FCC Notice of Inquiry on Broadband Reclassification
Let the games begin and ex parte filings flow! The FCC formally opened its proceedings yesterday on the classification of broadband Internet. The agency released a 64 page, footnote-chocked Notice of Inquiry, Framework for Broadband Internet Service, to set this round in motion.
The document nicely explains the recent history that led to the agency’s third-way approach and the policy considerations at stake (universal service, privacy, public safety).
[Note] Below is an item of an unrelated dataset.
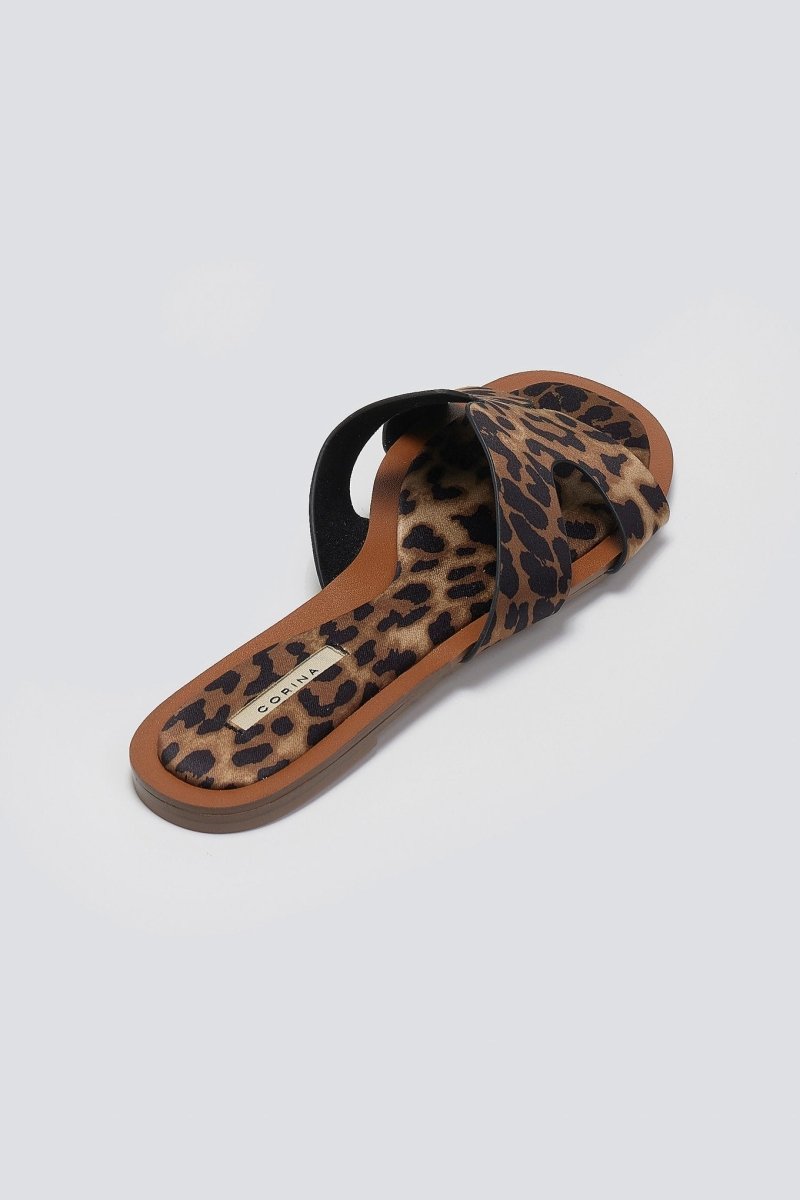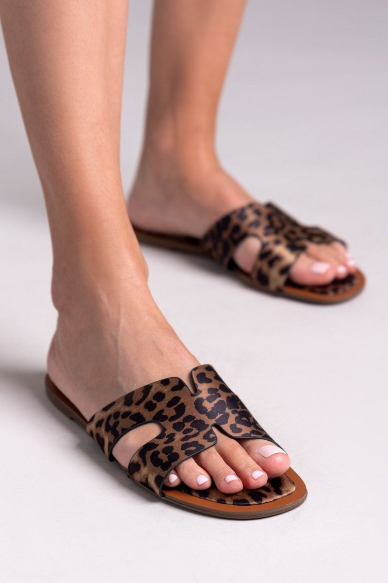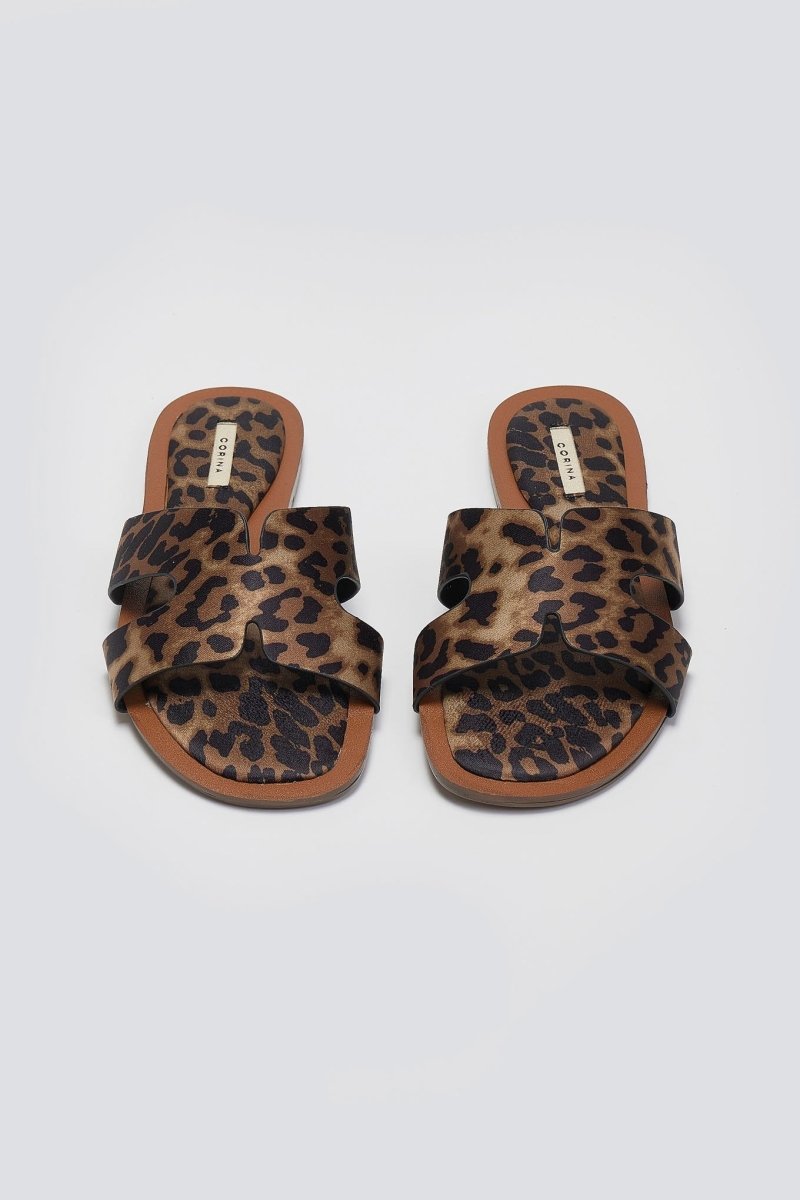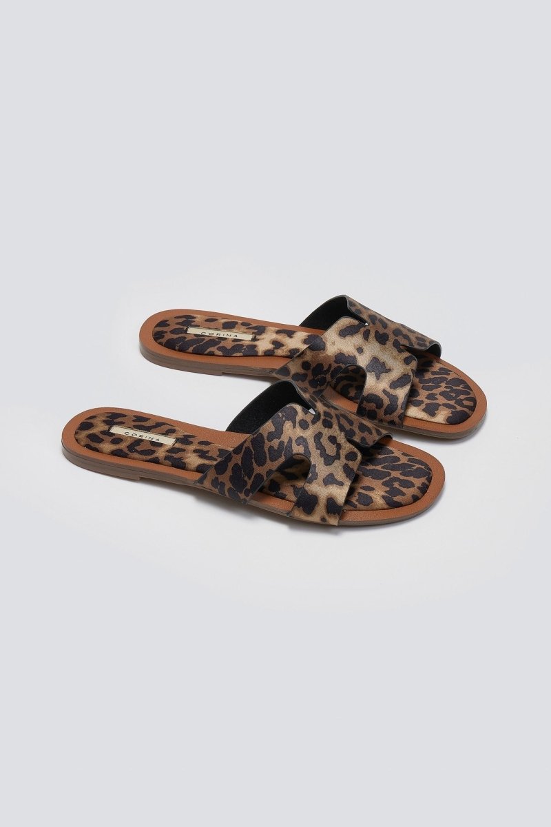Σανδάλια σατέν με print CORINA. Φαρδιά φάσα με ανοίγματα στο πλάι.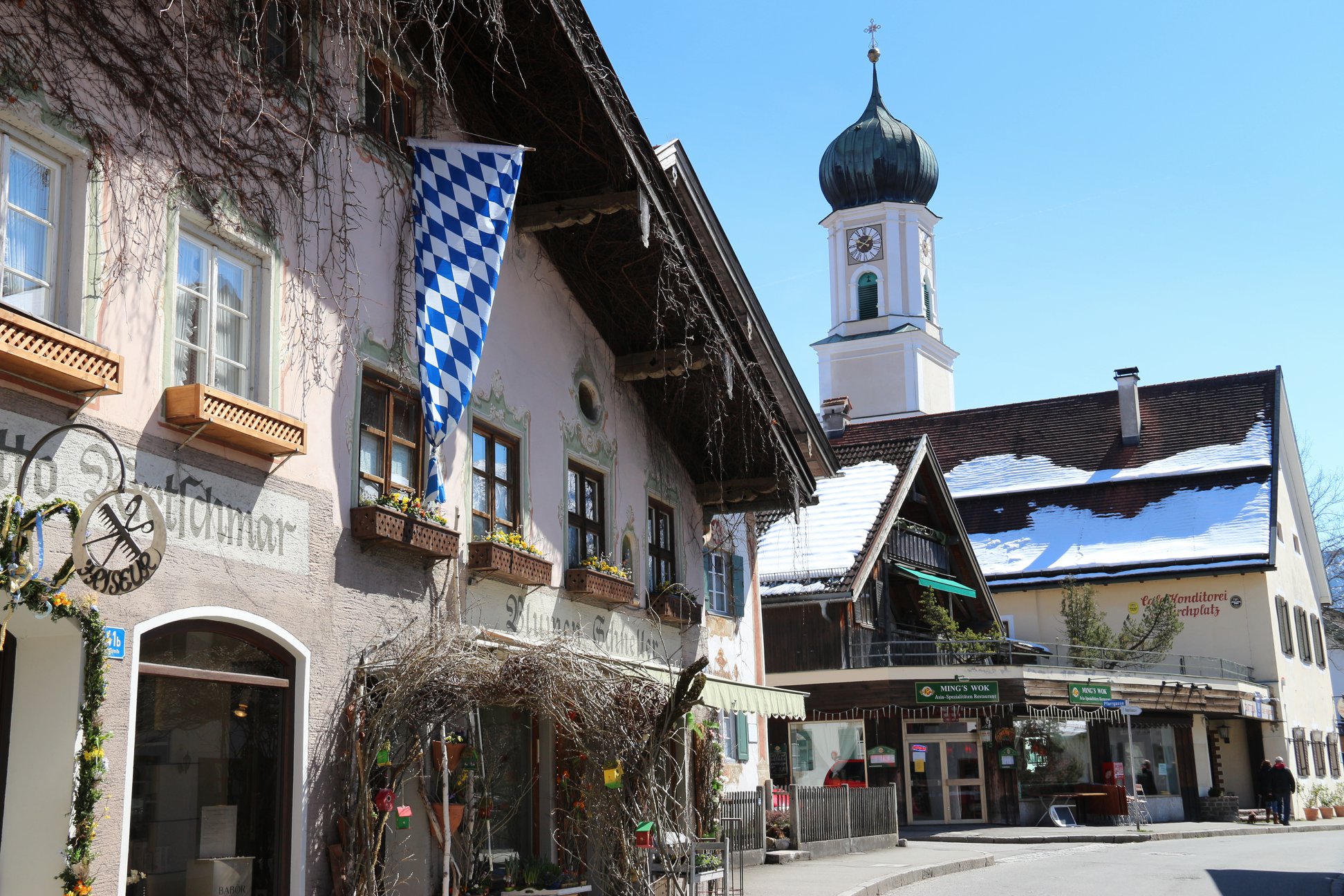 Um dos pontos turísticos que não podem ser esquecidos na passagem por Oberammergau é a igreja de São Pedro e São Paulo. Ela foi construída entre 1735-40 e chama a atenção pelo estilo rococó. Impossível não se encantar por todos esses detalhes que a cidade nos presenteia. Mesmo pequena, Oberammergau vale uma passada lenta e com encantadores cliques fotográficos. Para não deixar passar no seu próximo roteiro pela Alemanha, a dica é incluir Oberammergau na rota de passagem pelo Palácio de Linderhof e o Mosteiro de Ettal, ambos em curta distância.

I reviewed parts of this thing, especially the section covering recent legal history, and it all stands as a sobering reminder of how the FCC (under Chairman Powell) went completely off-course in 2002.
In the FCC’s 2002 Declaratory Ruling that cable modem was an information service, it called broadband cable a “single, integrated service that enables the subscriber to utilize Internet access service,” and that telecommunications component (the transmission part) was “not . . . separable from the data processing capabilities of the service.”
Even in 2002 that clearly wasn’t the case. At the time, I (along with lots of others) was using email services and web applications not directly tied to my ISP and viewed a cable modem as purely a connection to non-ISP riches on the Web. Some at the FCC never quite grasped the Internet: they wanted it to be the old phone system with a few more applications.
It’s nice to see that under more enlightened rule the FCC has discovered (paragraph 56 of the NOI) “some users now rely on free e-mail services provided by companies such as Yahoo and Microsoft.” Yup, just a few, and I guess Google gmail is chopped liver?
I’ve embedded the complete report below. Some highlights:
The background section, starting on page 5, take you on a fun filled tour through the relevant court cases, culminating in Brand X.
And on page 9, they’ve excerpted from Scalia’s memorable Brand X dissent, wherein he scolds the FCC for its wacky understanding of the Communications Act, and reminds them to use a bit of common sense: ” the telecommunications component of cable- modem service retains such ample independent identity that it must be regarded as being on offer— especially when seen from the perspective of the consumer or end user.”